▸ EXERCISE: Would you please set down the data again exactly as given, excluding the pictures?

▸ DATASET CONTENT:
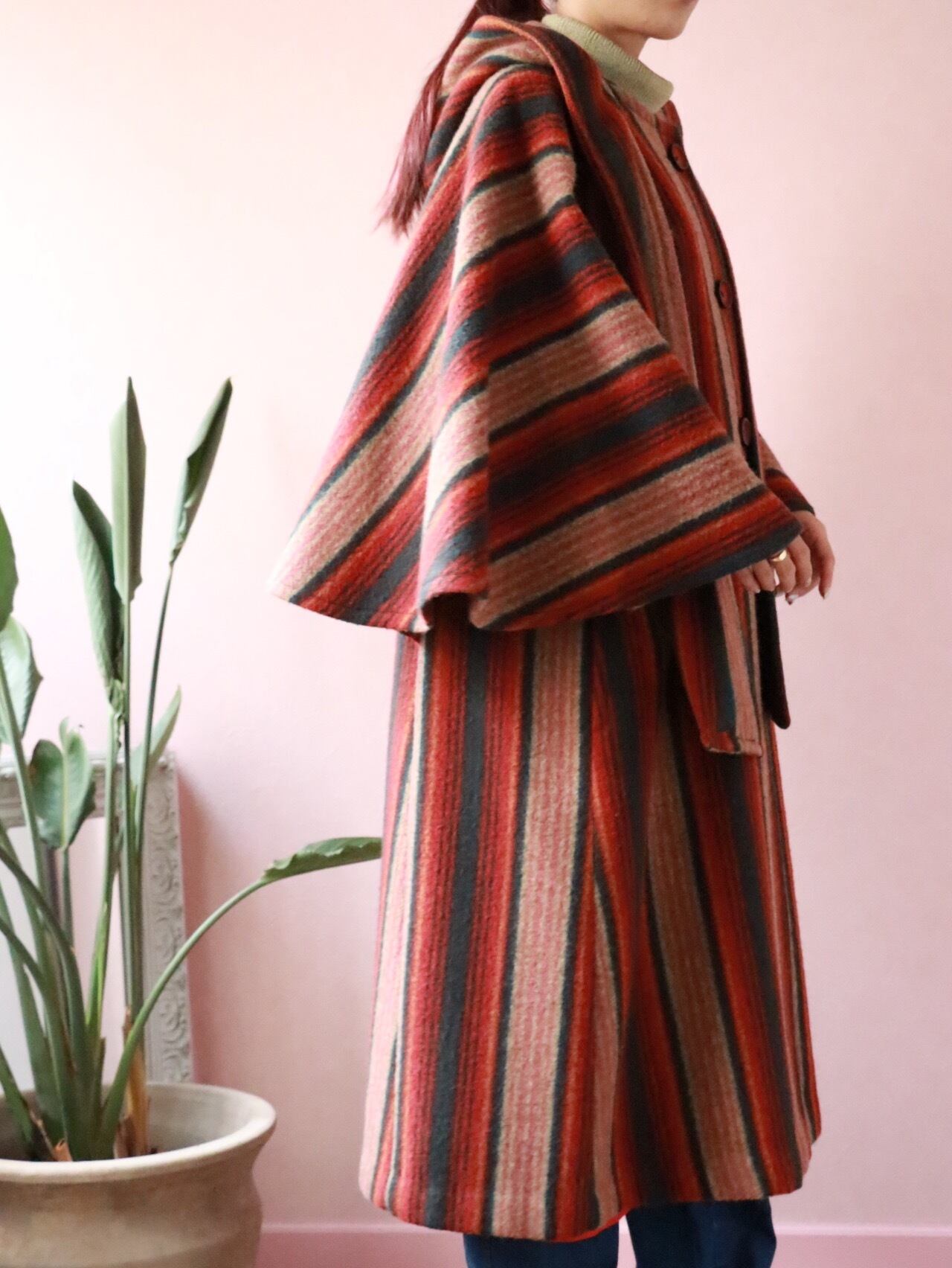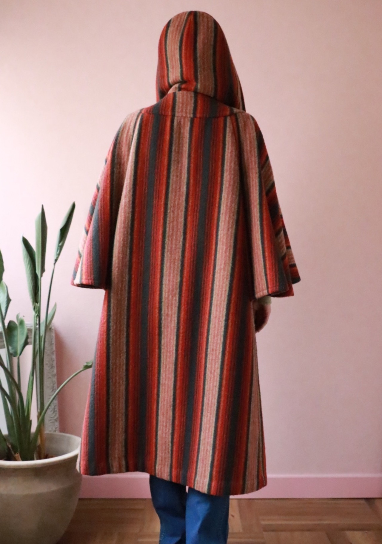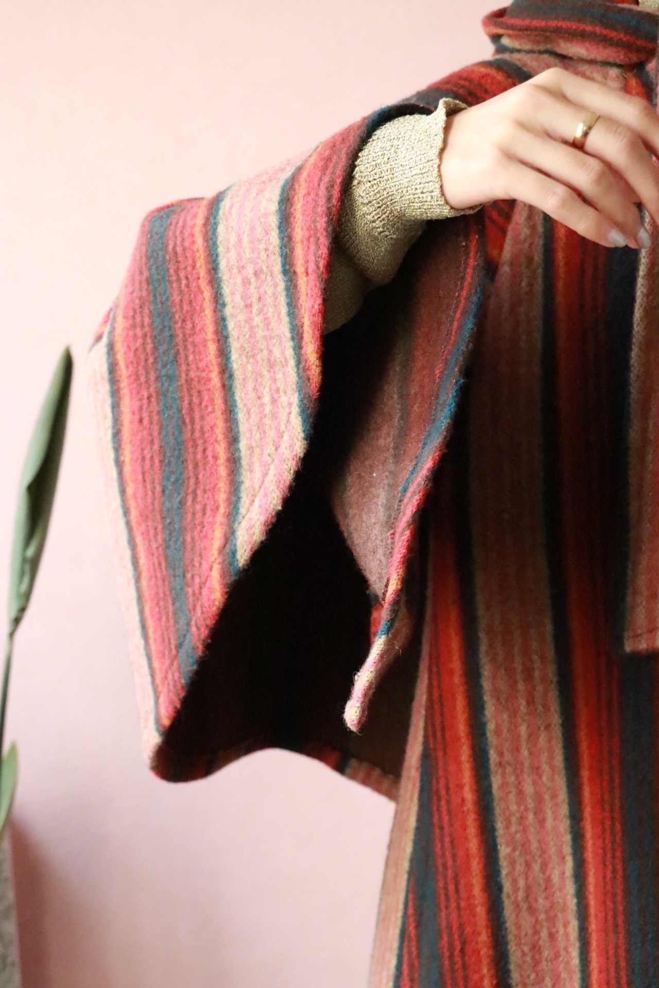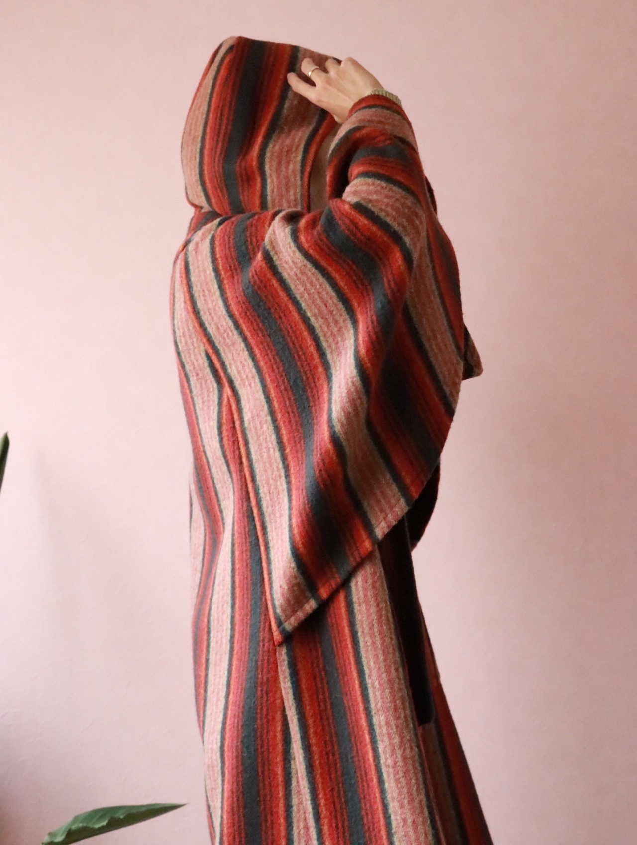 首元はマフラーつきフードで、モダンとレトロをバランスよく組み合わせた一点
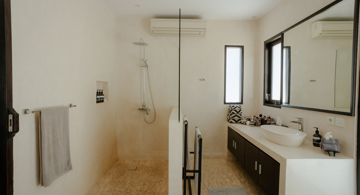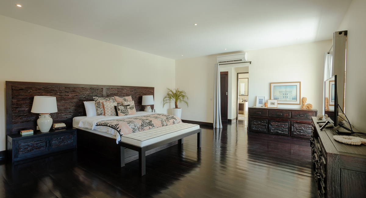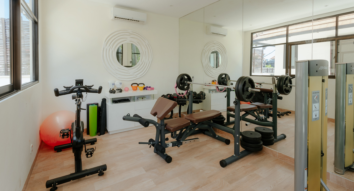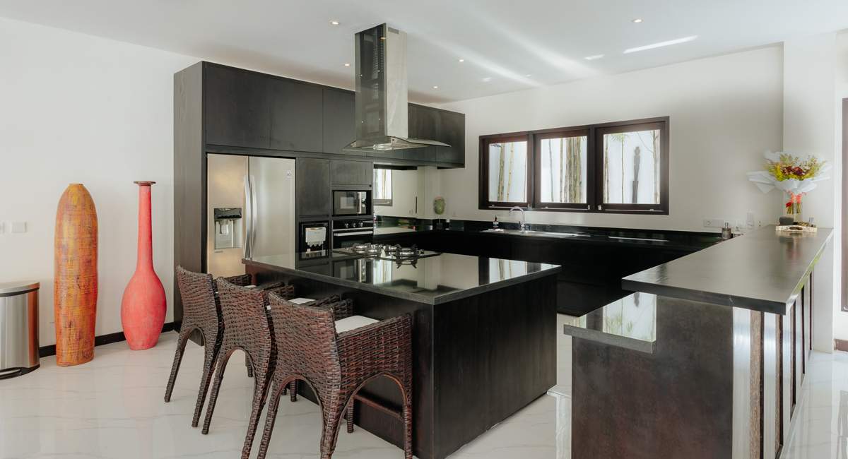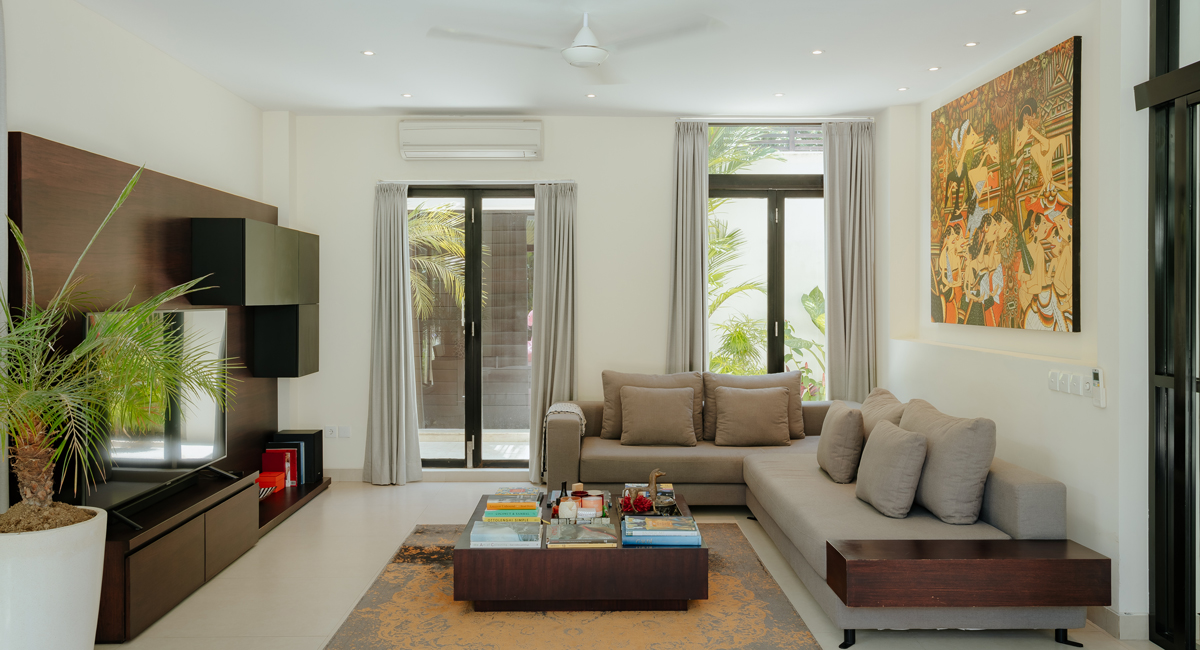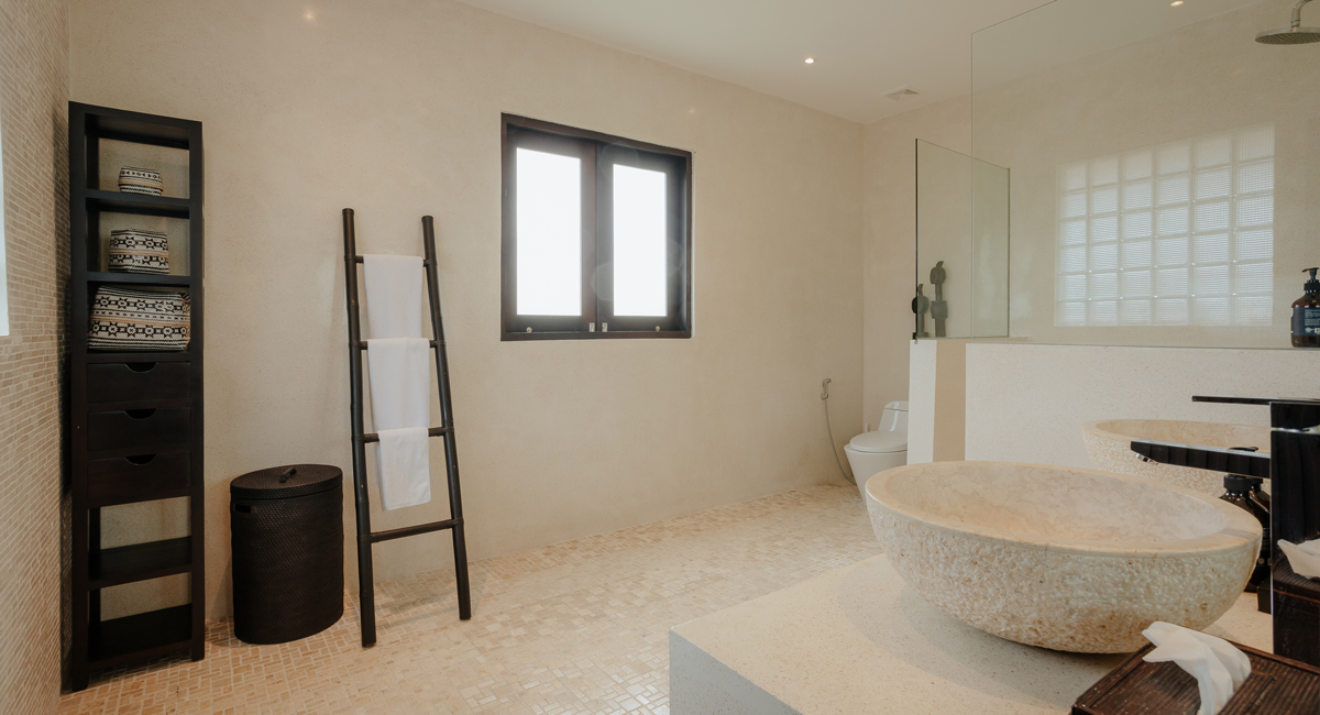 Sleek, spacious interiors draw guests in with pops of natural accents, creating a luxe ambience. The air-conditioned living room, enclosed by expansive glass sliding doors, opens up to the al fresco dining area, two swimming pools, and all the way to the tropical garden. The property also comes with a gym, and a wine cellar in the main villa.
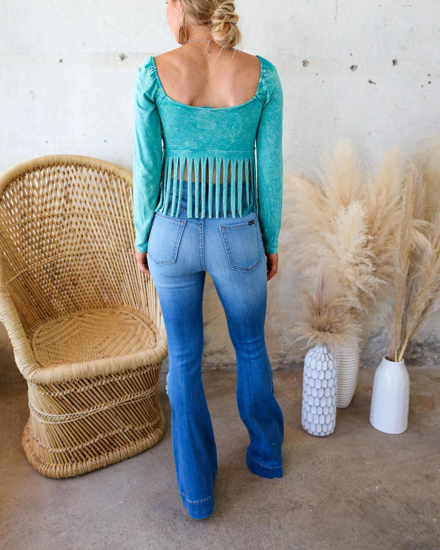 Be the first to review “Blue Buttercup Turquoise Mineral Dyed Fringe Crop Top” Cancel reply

▸ RESULT OF THE EXERCISE:
 首元はマフラーつきフードで、モダンとレトロをバランスよく組み合わせた一点
 Sleek, spacious interiors draw guests in with pops of natural accents, creating a luxe ambience. The air-conditioned living room, enclosed by expansive glass sliding doors, opens up to the al fresco dining area, two swimming pools, and all the way to the tropical garden. The property also comes with a gym, and a wine cellar in the main villa.
 Be the first to review “Blue Buttercup Turquoise Mineral Dyed Fringe Crop Top” Cancel reply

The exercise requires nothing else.